Countries at the Crossroads

Countries at the Crossroads 2011

The 2011 edition of the Countries at the Crossroads report analyzes the performance of 35 countries, including six in the Middle East and North Africa (MENA). The countries’ scores cover the period from April 2007 through December 2010, and generally indicate grim and deteriorating conditions in the run-up to the Arab Spring.

Overall country declines exceeded improvements in both number and degree in this year’s report, with widespread efforts by governments around the world to restrict freedom of expression—two out of every three countries with previous data declined in this subcategory. The free and fair electoral laws and elections subcategory was also hit hard, as 17 countries with previous data declined in this area.

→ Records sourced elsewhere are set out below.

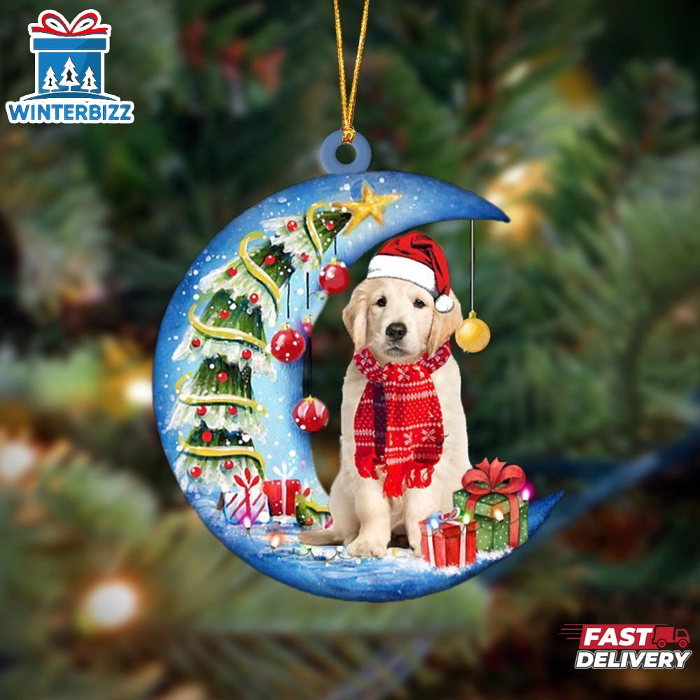 Product details: Golden retriever Sits On The Moon Merry Christmas Ornament Pet Ornaments Decor
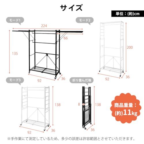 【折り畳み機能で省スペース】ハンガーラックには折り畳み機能がありますので、使用しない時は簡単に収納できます。収納後の幅は約9cmとコンパクトなので、ちょっとした隙間にも収納可能です。本体重量は約8.1 kgのため、軽量で引越しや移動も簡単です。
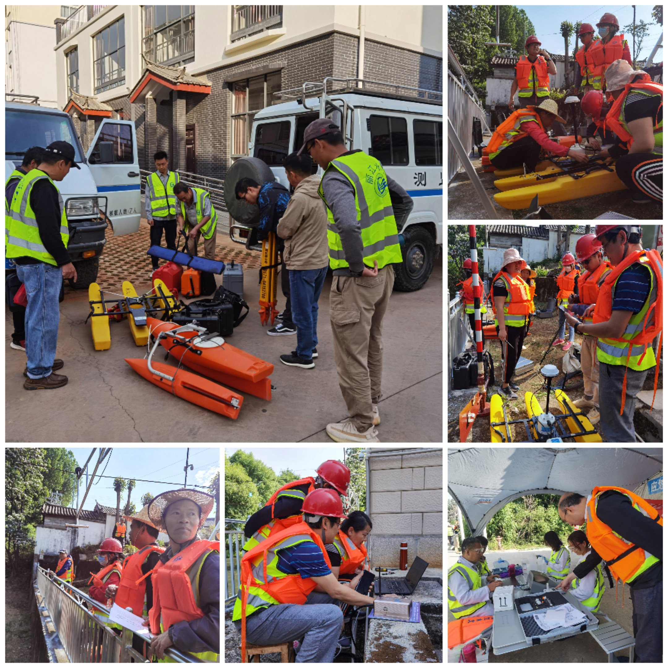 本次應(yīng)急演練模擬:4月28日凌晨,古城區(qū)漾弓江流域普降暴雨、局部大暴雨。凌晨7:00,大東、甘海子、古城、木家橋等7個(gè)雨量站已連續(xù)4小時(shí)累計(jì)降雨量均超100㎜,且降雨仍然持續(xù),漾弓江可能出現(xiàn)超10年一遇大洪水。受強(qiáng)降雨影響,漾弓江局部水體逐漸呈墨黑色向下游擴(kuò)散,可能對(duì)下游水體水質(zhì)產(chǎn)生影響。云南省水文水資源局麗江分局接到汛情后,及時(shí)成立應(yīng)急指揮部、通知應(yīng)急處置專家組進(jìn)行會(huì)商,并于早上8:00啟動(dòng)Ⅳ級(jí)應(yīng)急響應(yīng),調(diào)動(dòng)應(yīng)急隊(duì)伍,奔赴木家橋支援開展應(yīng)急測(cè)報(bào)工作。

The report found that countries in the MENA region face grave challenges to successful democratic transition due to government institutions that have been seriously undermined under current and previous authoritarian regimes. It predicts that failure to institute thoroughgoing reforms in areas such as rule of law, accountability of the army and security services to civilian authorities, protection from state abuse, and official corruption could lead to the ascendance of forces hostile to freedom, and autocratic rule is likely to be maintained, or reasserted in the case of those countries that have seen uprisings.

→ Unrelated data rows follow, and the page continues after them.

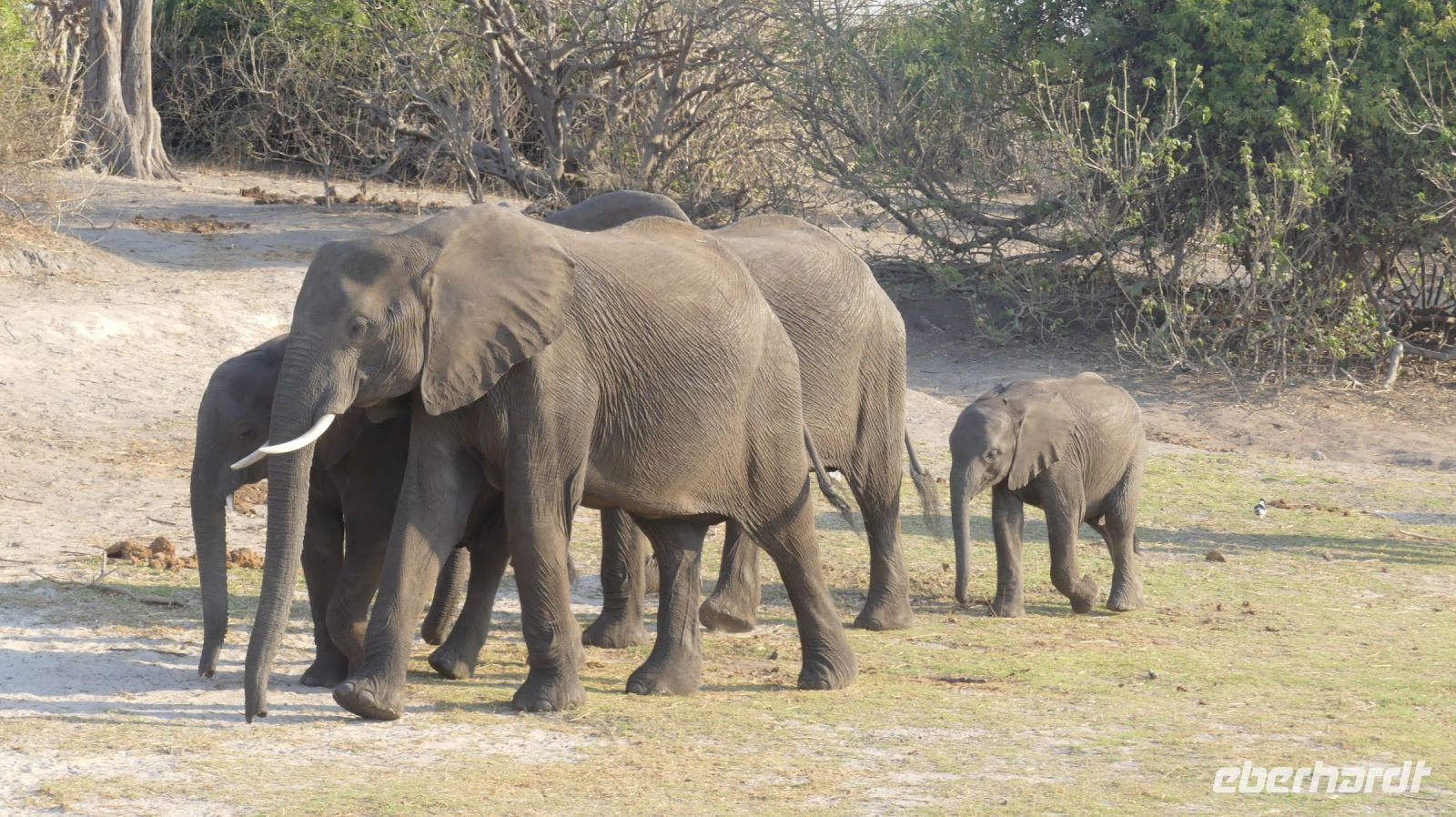 Nach einem Halt am Supermarkt und Geldautomaten, der nicht jedem Geld geben möchte, verlassen wir Kasane. Die Fahrt Richtung Süden führt durch flaches Buschland, welches von der trockenen Jahreszeit geprägt ist. Zuletzt soll es im April Regen gegeben haben. Hin und wieder sichten wir Wildtiere wie Paviane, Giraffen, Hornraben, Giraffen, Impalas, Strauße, Elefanten…und Heiner versorgt uns mit den passenden Informationen dazu. Nach einem Veterinärcheckpoint – d. h. aussteigen und Schuhsohlen desinfizieren, legen wir mittags eine Pause in der Elephant Sands Lodge ein. Die Lodge hat sehr nah am Restaurantbereich eine Wasserstelle. Hier herrscht ein Kommen und Gehen der Elefanten und wenn die Rangordnung nicht eingehalten wird, dann sorgt der Stärkere dafür, dass sie wieder hergestellt wird. So können wir während unserer Mittagspause spannendes Elefantenkino genießen.
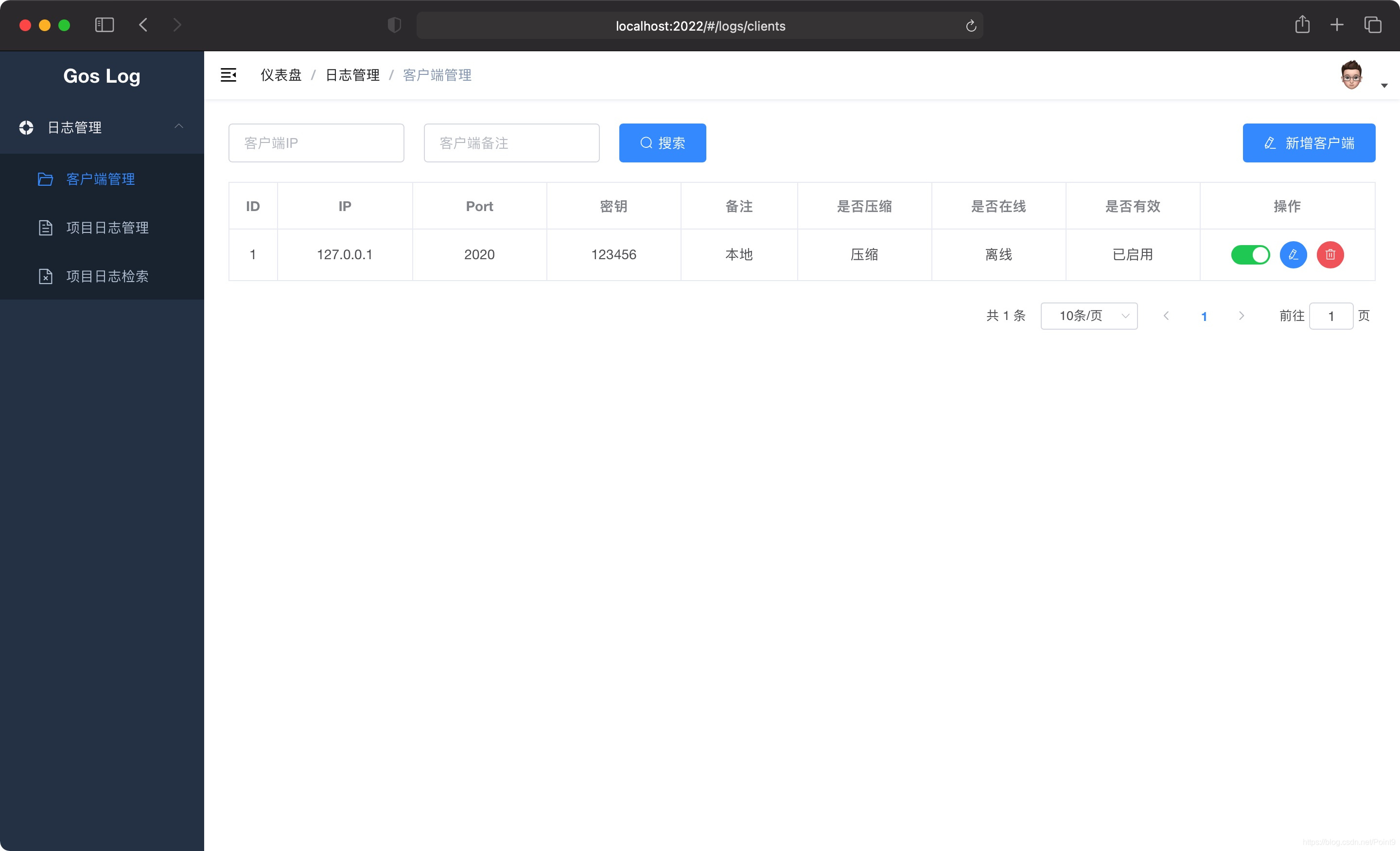 cd gos-log/logc #进入客户端
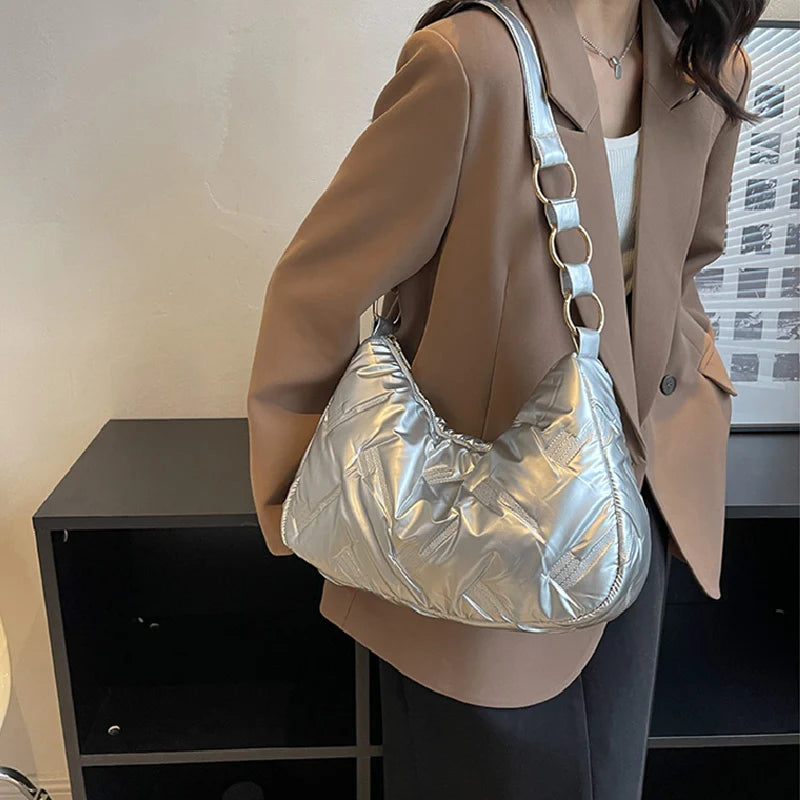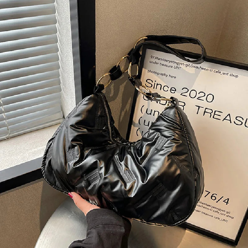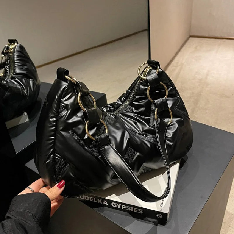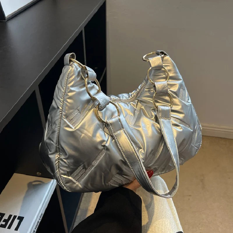 Stay cozy and stylish with this down shoulder bag made for the colder seasons. Perfect for shopping and everyday use.
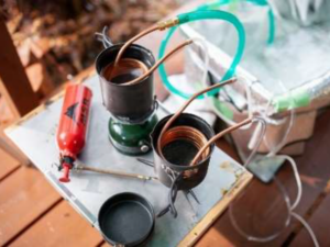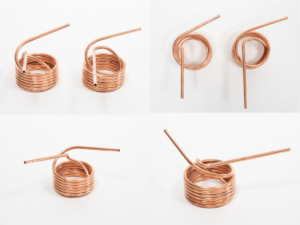 今回販売するのは銅管をコイル状に成型した熱交換器2 個または3 個とそれらを繋ぐ異径ソケットのセット。これに普段キャンプに使用する鍋やコンロ、風呂ポンプを組み合わせるだけ容易に追炊きと保温ができ、いつでもどこでも気軽に入浴を可能にするものです。
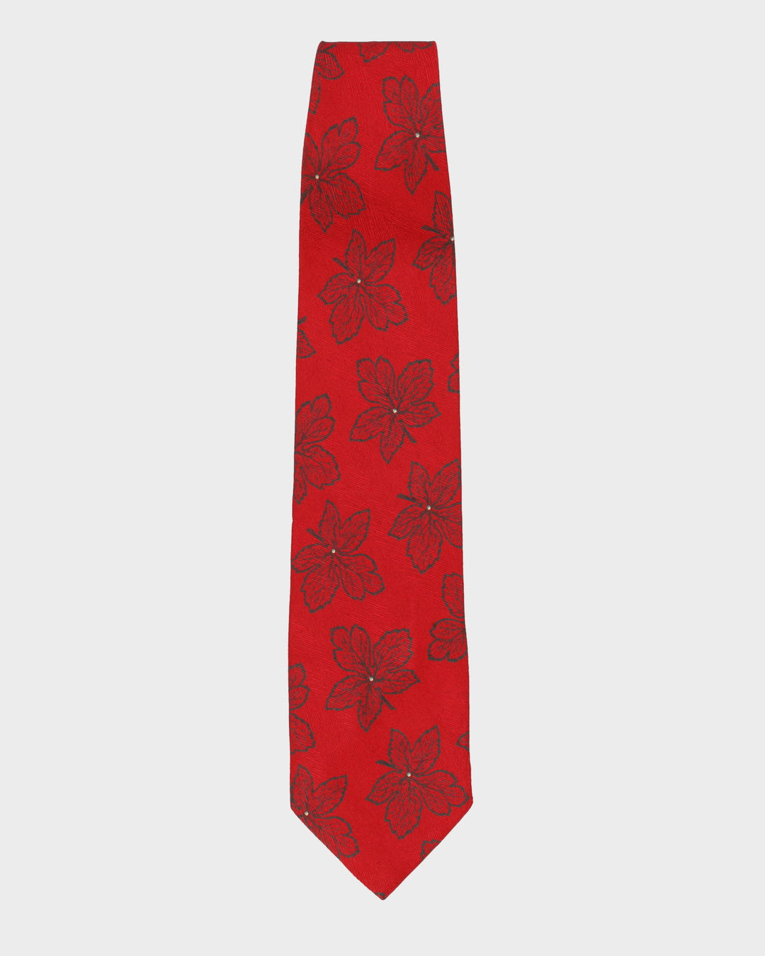 80s Giorgio Armani Red Floral Patterned Silk Tie

Venezuela, along with Syria, underwent the sharpest decline in the rule of law category, according to the report. China showed significant signs of deteriorating governance, with particularly notable declines in the areas of civil society, media freedom, and the rule of law. Additionally, Greece and Italy, analyzed for the first time in Crossroads, faced deep challenges related to corruption, bloated and inefficient civil services, and excessive bureaucratic regulations.